Затем мы брели по ночному Парижу, болтая и смеясь, в обнимочку или держась за руки, как школьники, целуясь и вполголоса распевая русские песни. С самой верхотуры Эйфелевой башни, ослепительно белым мечом кромсая на куски черный купол неба, летал белый луч мощного прожектора, словно в попытке разорвать путы ночи и приблизить людей к Небу. А сама башня, украшенная разноцветными мигающими лампочками, казалась пульсирующей, воткнутой в небо иглой, фосфоресцирующей, как стройный рой светлячков.
— Мы всегда стараемся вернуть то, что вернуть уже нельзя, — задумчиво произнесла Аня.— Невозможно идти вперед и держаться за прошлое. Вот и ты бросился наутек, но прошлое поймало тебя за рукав: от меня не сбежишь!

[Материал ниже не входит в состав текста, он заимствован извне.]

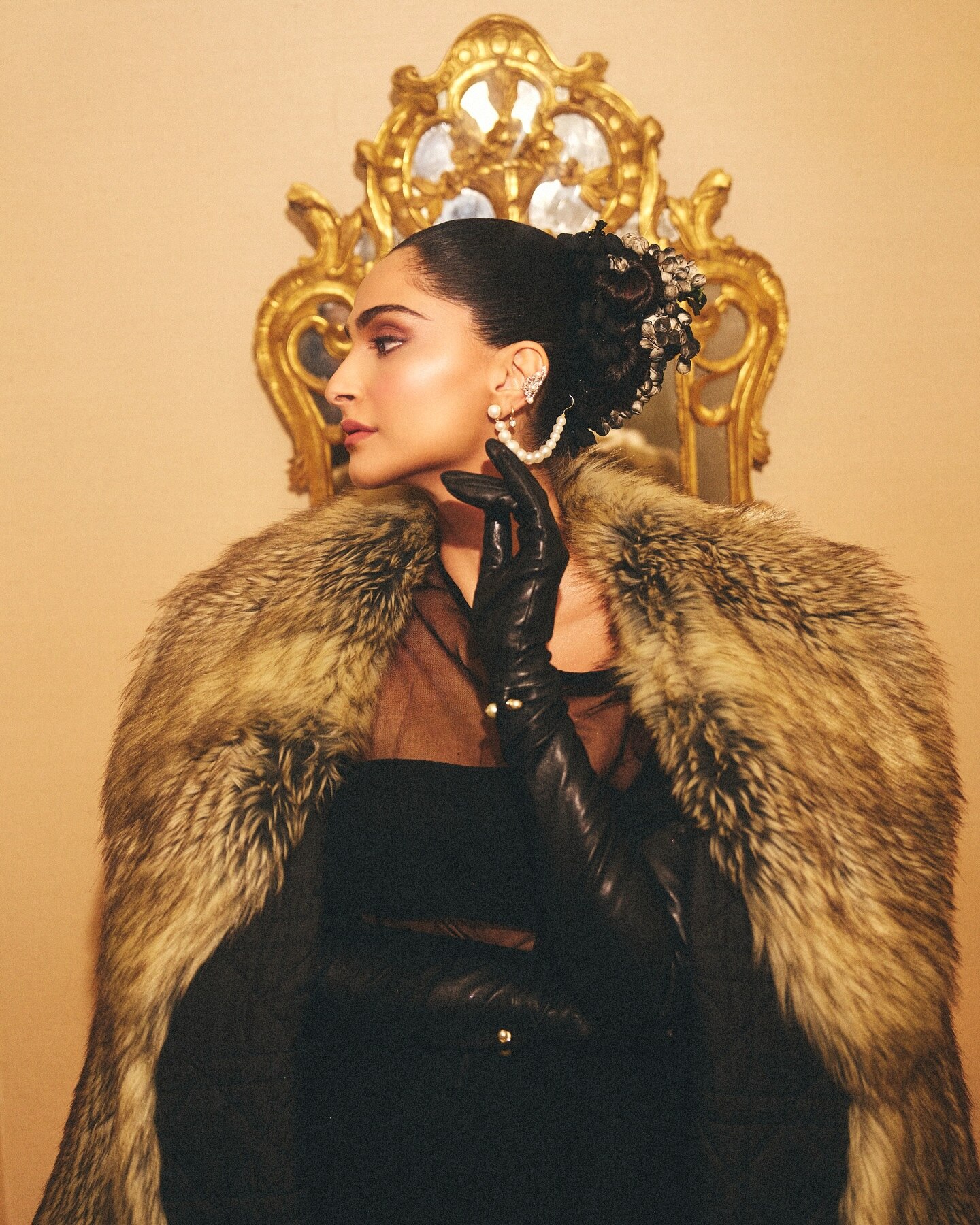 Sonam opted for a monochromatic look, which featured a liquid sheer dress and added it to the resort 2025 collection of the house with an impure fur coat. Of course, do not forget those long black gloves for an edgier finish. The look feels that she broadcast the elegance of Vintage Hollywood (somewhat reminds of the prestigious Audrey Hepburn. breakfast at Tiffany’s Look).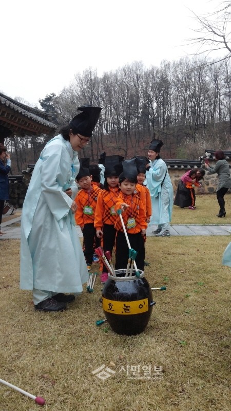 대전 대덕구는 최근 회덕향교에서 지역내 어린이집 어린이들을 대상으로 일일 체험교실을 진행했다. 체험교실에서 어린이들은 향교 행동예절 교육과 전통놀이 체험에 참여했다. 사진은 한 어린이가 투호통에 화살을 던지고 있는 모습. (사진제공=대덕구청)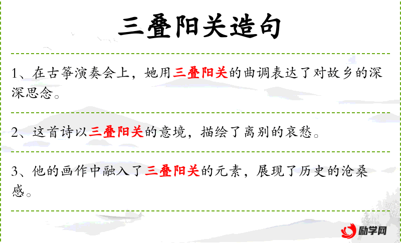 句子:“[她用三叠阳关的笔法,在书法作品中展现了深厚的文化底蕴。]”
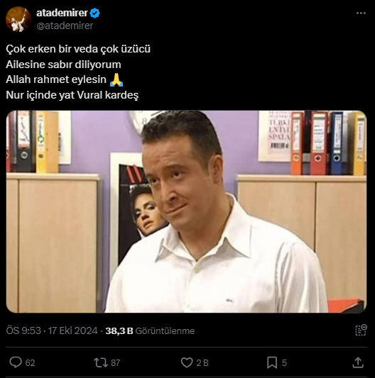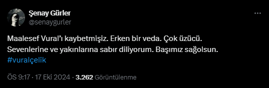 Avrupa Yakası dizisinde Kubilay Peynircioğlu ve Gülenay Peynircioğlu karakterlerine hayatveren oyuncu Vural Çelik 51 yaşında hayatını kaybetti. Çelik'in hayatını kaybetmesinin ardından Avrupa Yakası oyuncuları arka arkaya taziye paylaşımı yaptı.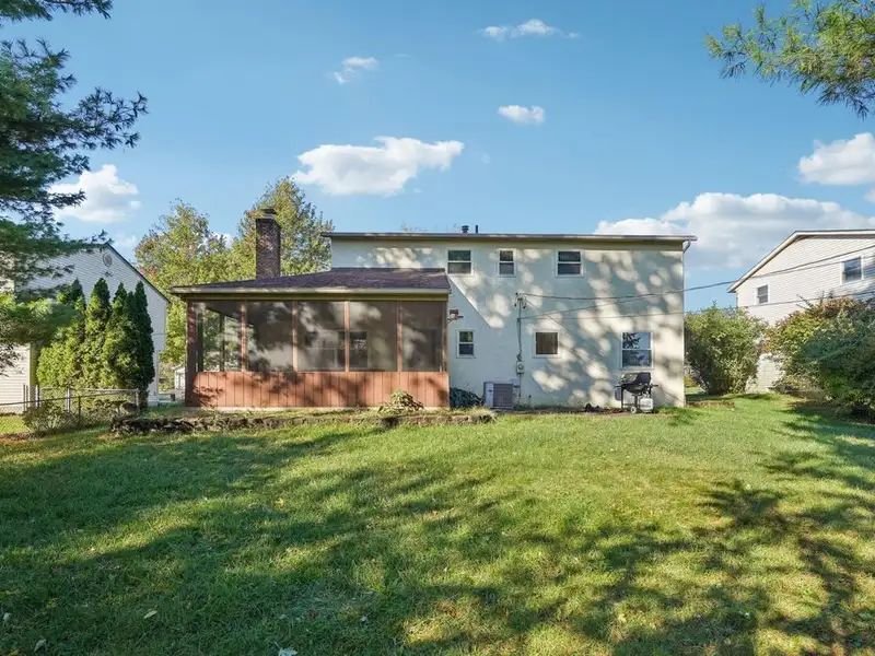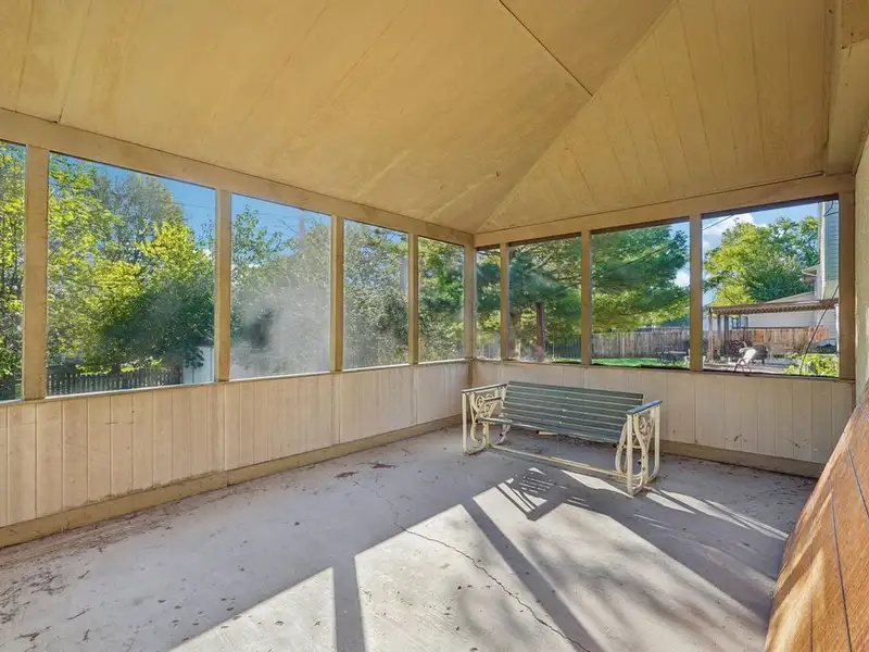 - Screened-in porch with mature trees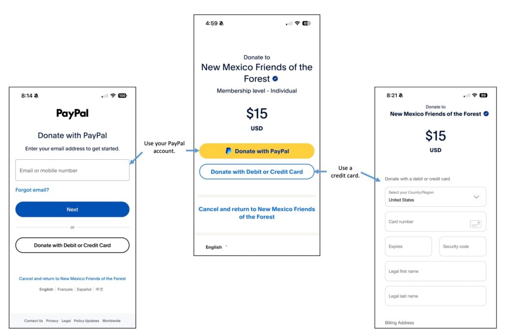 You will receive confirmation notices from both PayPal and FOSM after the transaction is complete. Our organization incorporated in 1997 as New Mexico Friends of the Forest then later began using Friends of the Sandia Mountains (FOSM). PayPal requires use of our legal name, so your receipt will include a statement similar to this: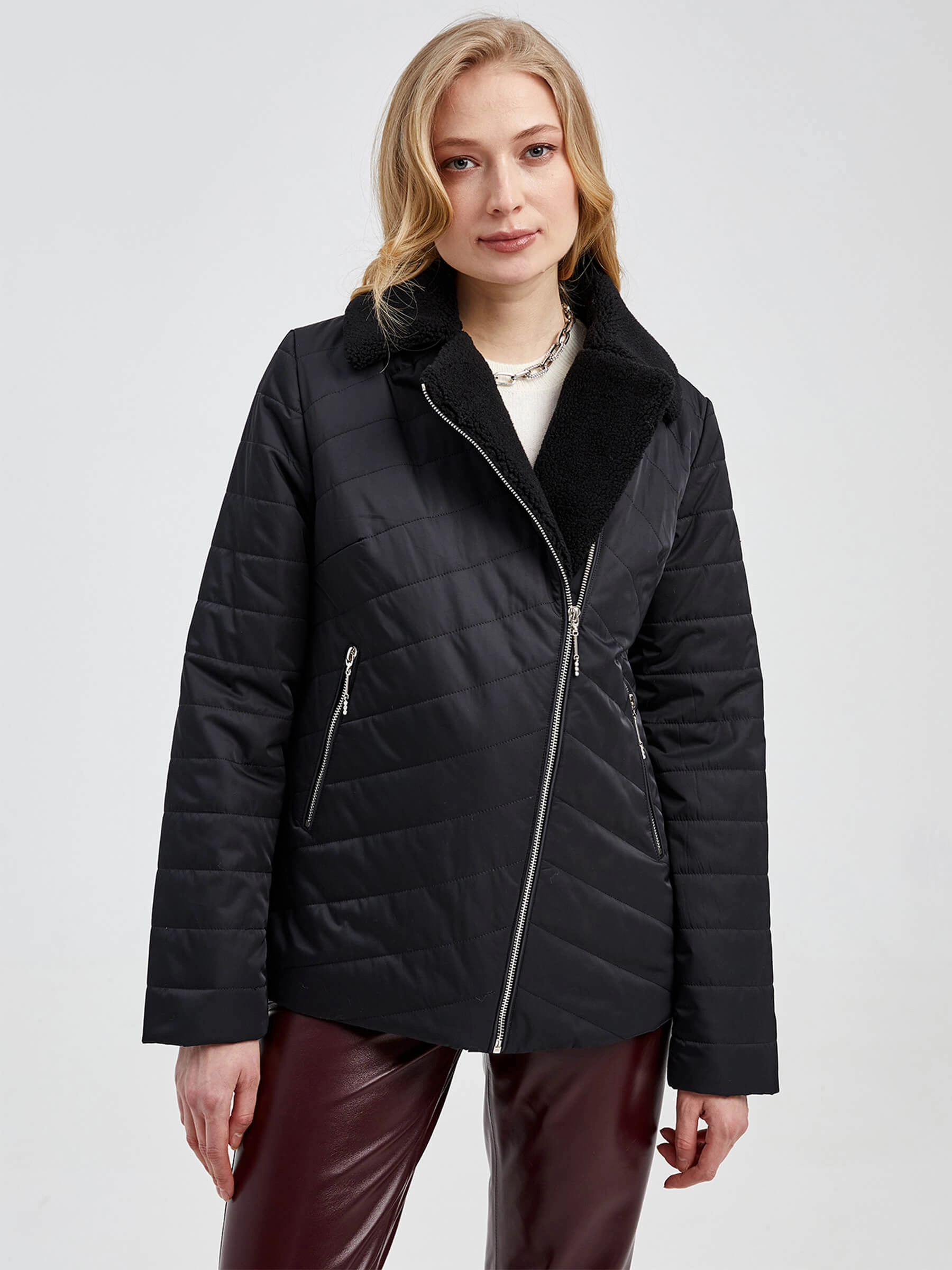 Товар текстильная утепленная женская куртка косуха 21130, черная, размер 42, артикул 25000 выполнен из текстиль с застежкой молния. Рассчитан на сезон: демисезон. Длина изделия 51-74 см, силуэт прямой.
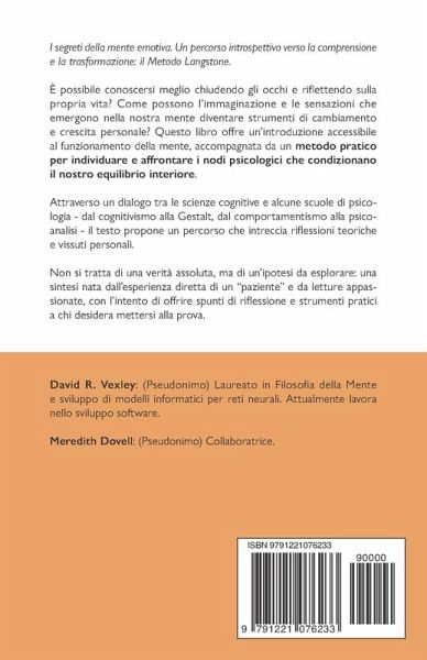 È possibile conoscersi meglio chiudendo gli occhi e riflettendo sulla propria vita? Come possono l'immaginazione e le sensazioni che emergono nella nostra mente diventare strumenti di cambiamento e crescita personale? Questo libro offre un'introduzione accessibile al funzionamento della mente, accompagnata da un metodo pratico per individuare e affrontare i nodi psicologici che condizionano il nostro equilibrio interiore (visita il sito www.langstonemethod.com per maggiori dettagli). Attraverso un dialogo tra le scienze cognitive e alcune scuole di psicologia - dal Cognitivismo alla Gestalt, dal Comportamentismo alla Psicoanalisi - il testo propone un percorso che intreccia riflessioni teoriche e vissuti personali. Non si tratta di una verità assoluta, ma di un'ipotesi da esplorare: una sintesi nata dall'esperienza diretta di un "paziente" e da letture appassionate, con l'intento di offrire spunti di riflessione e strumenti pratici per chi desidera mettersi alla prova.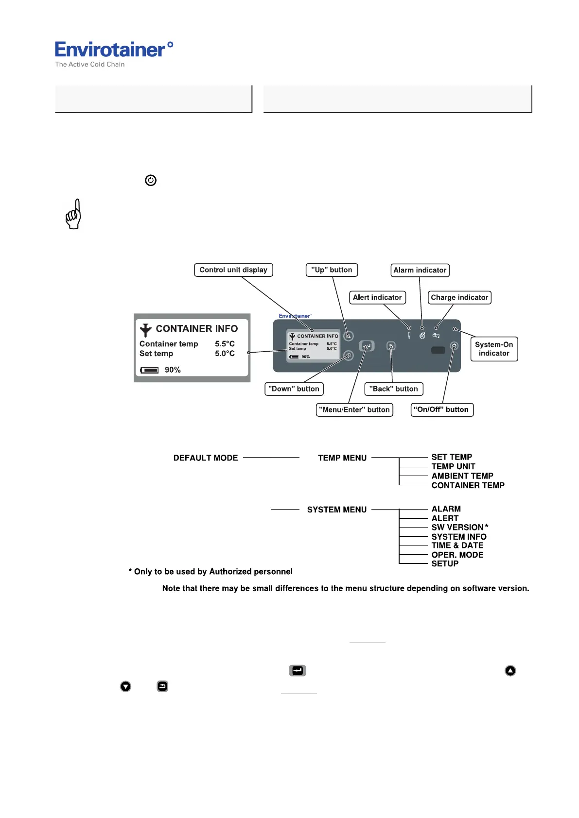 The default mode shows "Container temp", "Set temp" and battery status.

Она крепко сжала мне руку и заглянула в глаза.
— Не сбежишь?
— Теперь — никогда! — сказал я. — Я за этим приехал.
— За чем?..
Улицы были уже пусты, спать не хотелось, и мы не чувствовали никакой усталости. Каждые четверть часа слышался отдаленный бой курантов и мы, как по команде, останавливались и целовались, купаясь в их качающихся трепетных звуках. Когда потом нам слышался отдаленный бой часов, мы инстинктивно останавливались, наши губы тянулись друг к дружке, и мы заразительно смеялись. У нас выработался рефлекс на мелодию, как у павловской собаки на мясо. Это было смешно, но природа брала свое, и, чтобы не разрушать ее законы, я летящим коротким поцелуем чмокал Аню в губы. Ей это тоже нравилось. На телефонные звонки она сначала не отвечала, а затем просто отключила свой телефон. И я не приставал к ней с вопросами, кто такой этот Анри. Было так тихо, что неожиданно раздавшийся телефонный звонок испугал нас. Мы как раз брели в обнимочку по самому старому в Париже Новому мосту. Звонил Жора:
|
|
— Как мне открыть нашу картотеку с клонами?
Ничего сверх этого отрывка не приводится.